= What the exercise asks =
For the records below, output word for word the lines from the one with "ตรวจหวย งวด 16 พฤศจิกายน 2563." up to and including the one with "в Москве купить". No pictures.
◇ ◇ ◇ ◇
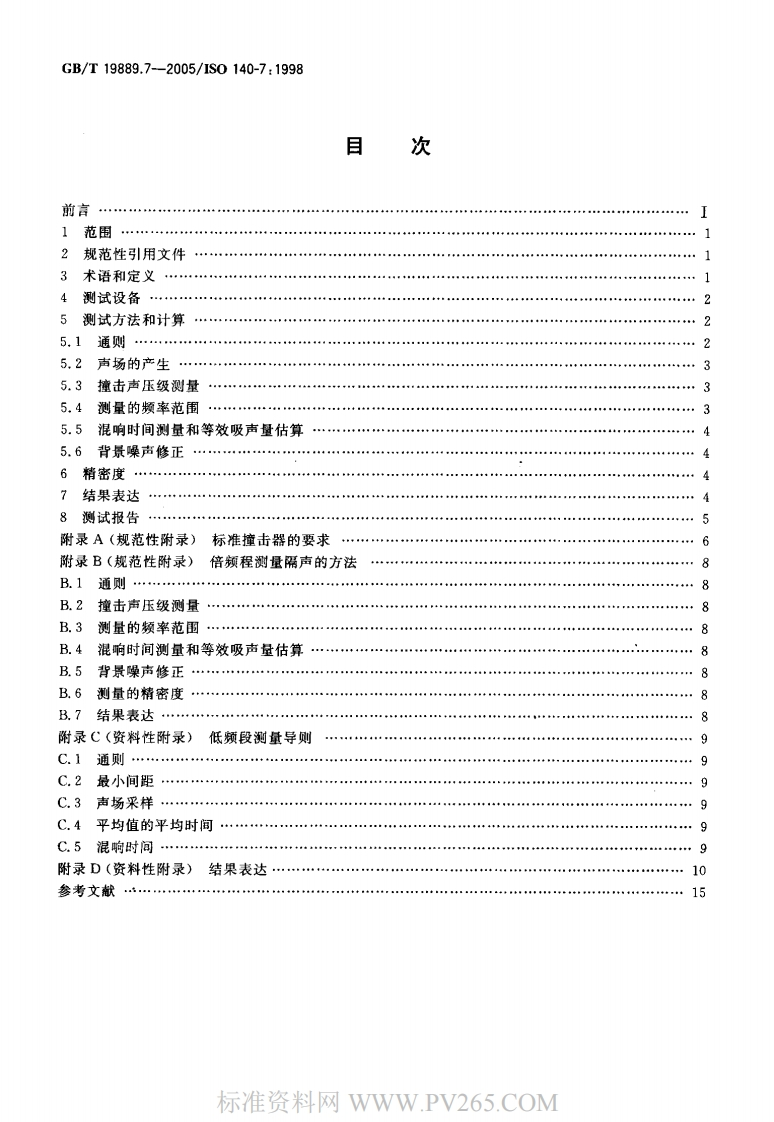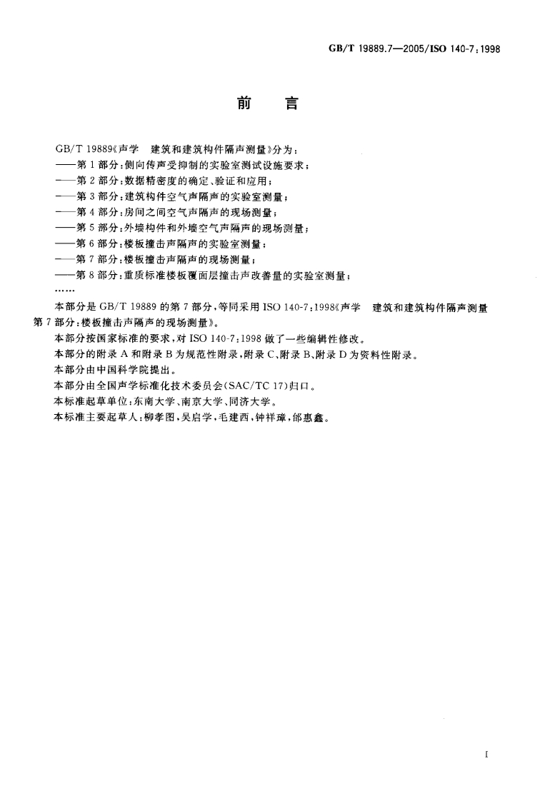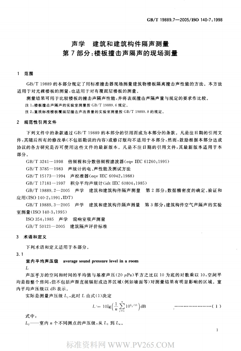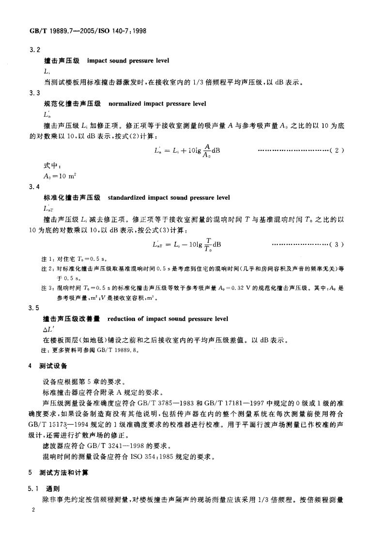 CS91.120.30A59中华人民共和国国家标准GB/T19889.7一2005/1S0140-7:1998声学建筑和建筑构件隔声测量第7部分:楼板撞击声隔声的现场测量Acoustics-Measurement of sound insulation in buildings and of building elements-Part 7:Field measurements of impact sound insulation of floors(ISO140-7:1998,IDT)2005-07-29发布2006-04-01实施中华人民共和国国家质量监督检验检疫总局中国国家标准化管理委员会发布
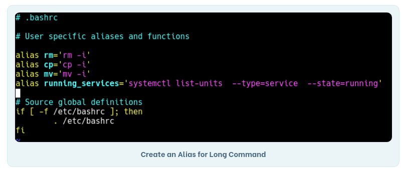 如果您經(jīng)常使用前面的命令,您可以如圖所示在 ~/.bashrc 文件中創(chuàng)建一個別名命令,以便輕松調(diào)用它。
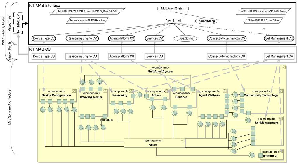 This section describes the first phase of our SPL process, the domain engineering phase (see the top of Figure 2), which identifies and models the agents for the IoT, their commonalities and variabilities, as well as the dependencies between them. As stated, this phase is accomplished using CVL, and our MOF-based language is the Unified Modeling Language []. This phase is divided into three different processes: IoT multi-agent system domain analysis, generation of the IoT multi-agent system variability model and definition of IoT multi-agent system architecture.
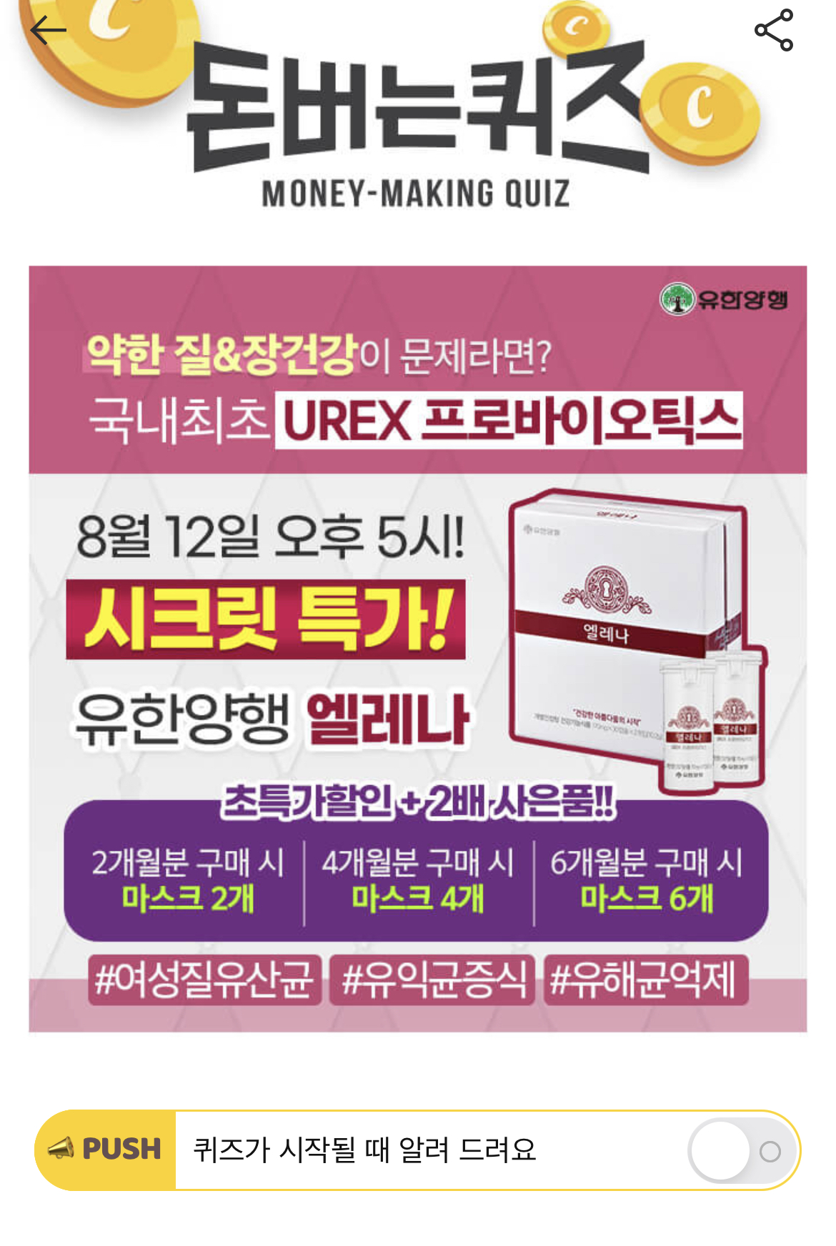 캐시워크 돈버는 퀴즈 정답 유한양행 엘레나 ㅅㅊㄱ
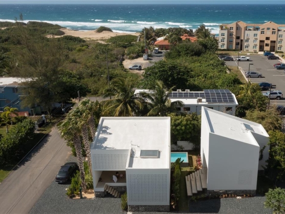 Casa Bajura is a 2,700 sq. ft. architectural compound composed of two independent yet identical villas, each with three bedrooms and en-suite bathrooms, located in Isabela, Puerto Rico, on a quiet local dead-end street with direct beach access. The project is conceived as a space of creative hospitality, where architecture, landscape, and daily life exist in constant dialogue. For those who appreciate architecture and design as a way of life, Casa Bajura is a truly special property. It is a singular architectural piece, designed to be lived in and shared, transcending the definition of a conventional residence.
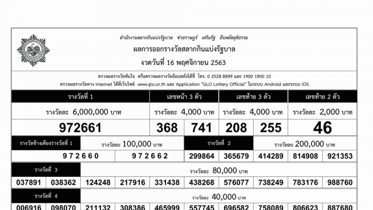 ตรวจหวย งวด 16 พฤศจิกายน 2563.
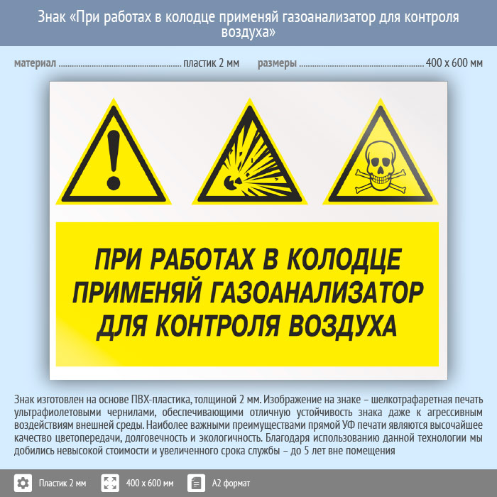 Знак «При работах в колодце применяй газоанализатор для контроля воздуха», КЗ-74 (пластик, 600х400 мм) в Москве купить
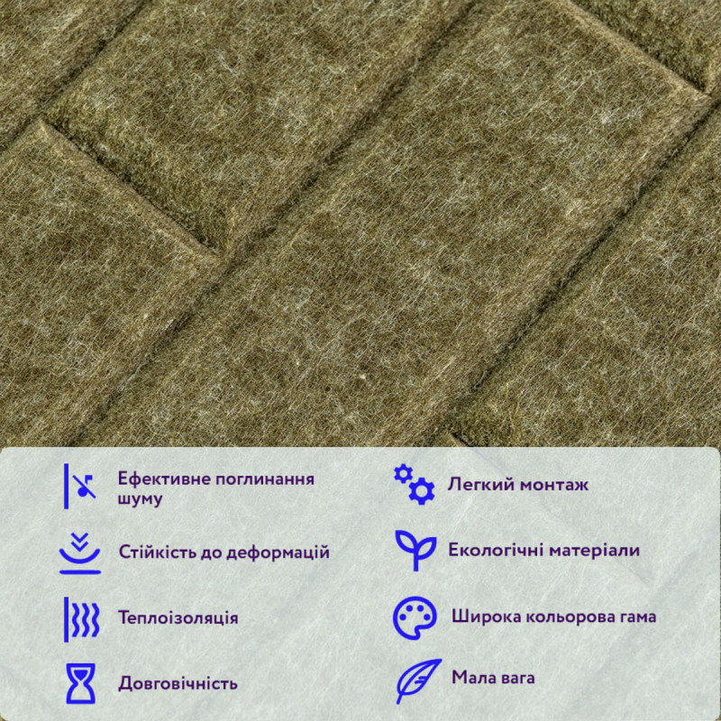 Самоклеючі звукоїзоляційні панелі –це багатошаровий оздоблювально-функціональний матеріал, призначений для зниження рівня шуму та покращення акустики приміщення. Основу панелей становить пресований поліефірний войлок, який забезпечує ефективну звуко- й додаткову теплоізоляцію, поєднуючи легку вагу з високою стійкістю до деформацій. Завдяки клейовому шару панелі швидко монтуються, а однотонна поверхня з виразним 3D-ефектом (під рейку або цеглу) поєднує технічні властивості з сучасним декоративним виглядом.
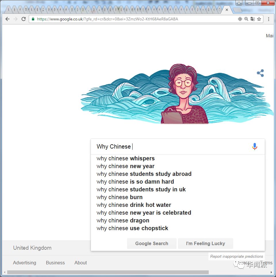 而输入“中国人/中国的/中文”出现的关键词有,“为什么学中文那么难?”“为什么中国人在英国留学?”“为什么中国人喝热水”“为什么中国人用筷子”……
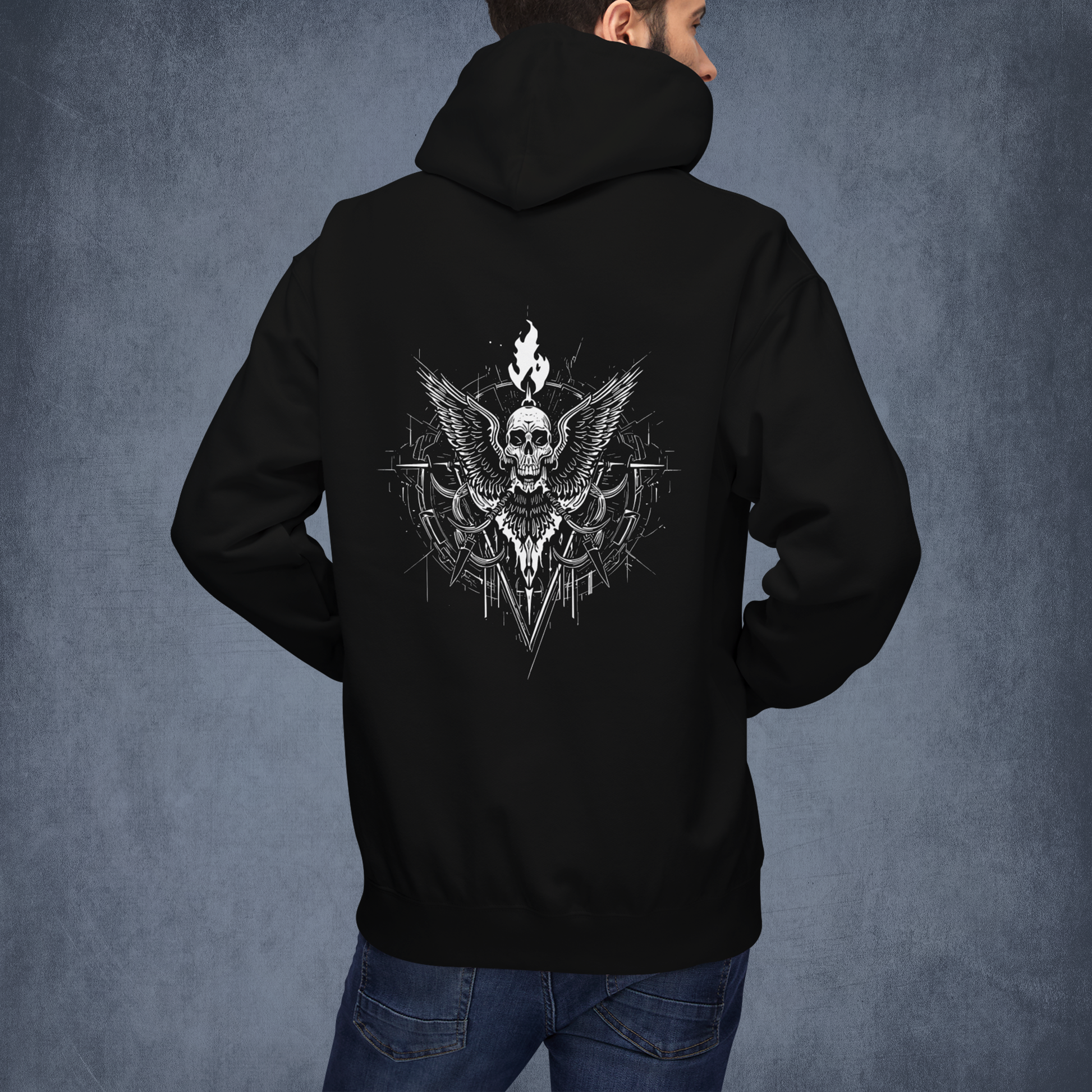 This hoodie lets you wear your creed on the front, while the back carries a fierce winged skull engulfed in fire and steel — a symbol of rebellion, strength, and survival.
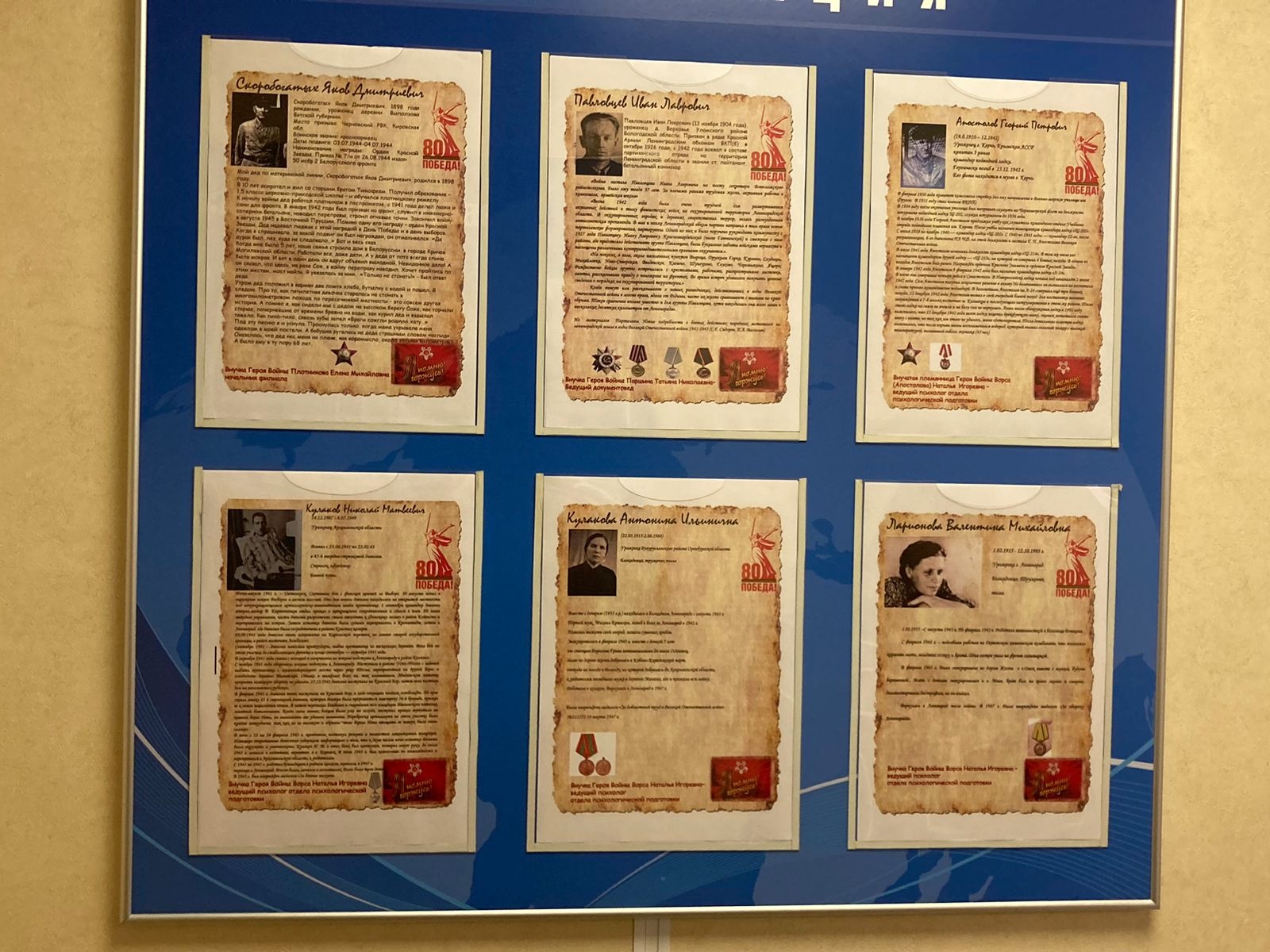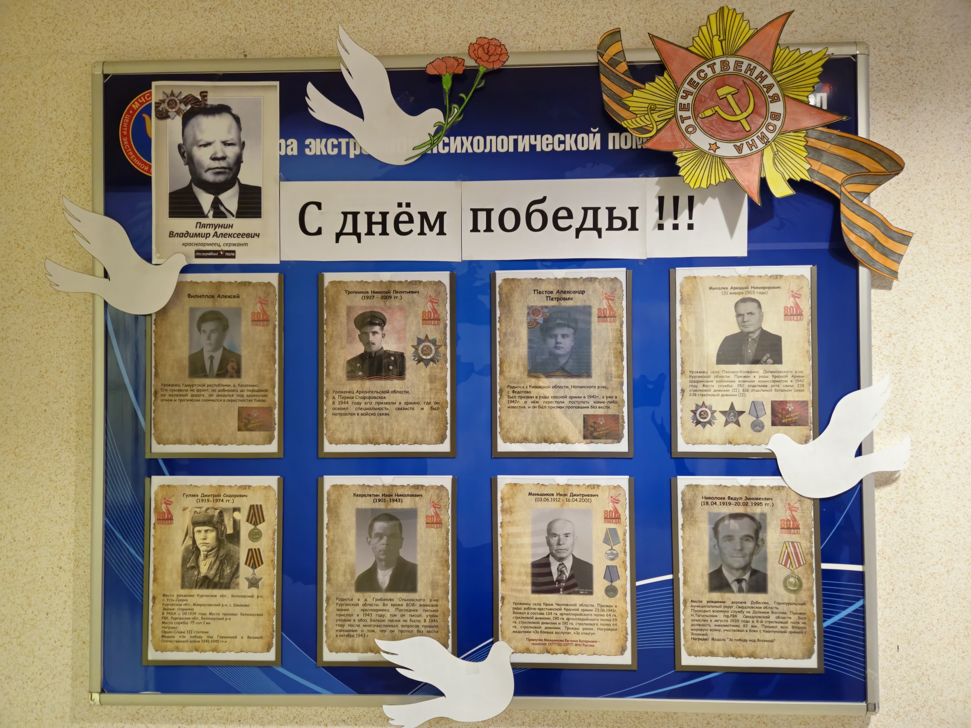 В каждом подразделении была организована Стена памяти героев. На ней размещены фотографии и описание жизненного пути родственников специалистов Центра: дедов, прадедов, бабушек и прабабушек, которые до последней капли крови сражались за победу над фашизмом и за мирное небо над головой своих родных и любимых.
◇ ◇ ◇ ◇
= Final answer =
 ตรวจหวย งวด 16 พฤศจิกายน 2563.
 Знак «При работах в колодце применяй газоанализатор для контроля воздуха», КЗ-74 (пластик, 600х400 мм) в Москве купить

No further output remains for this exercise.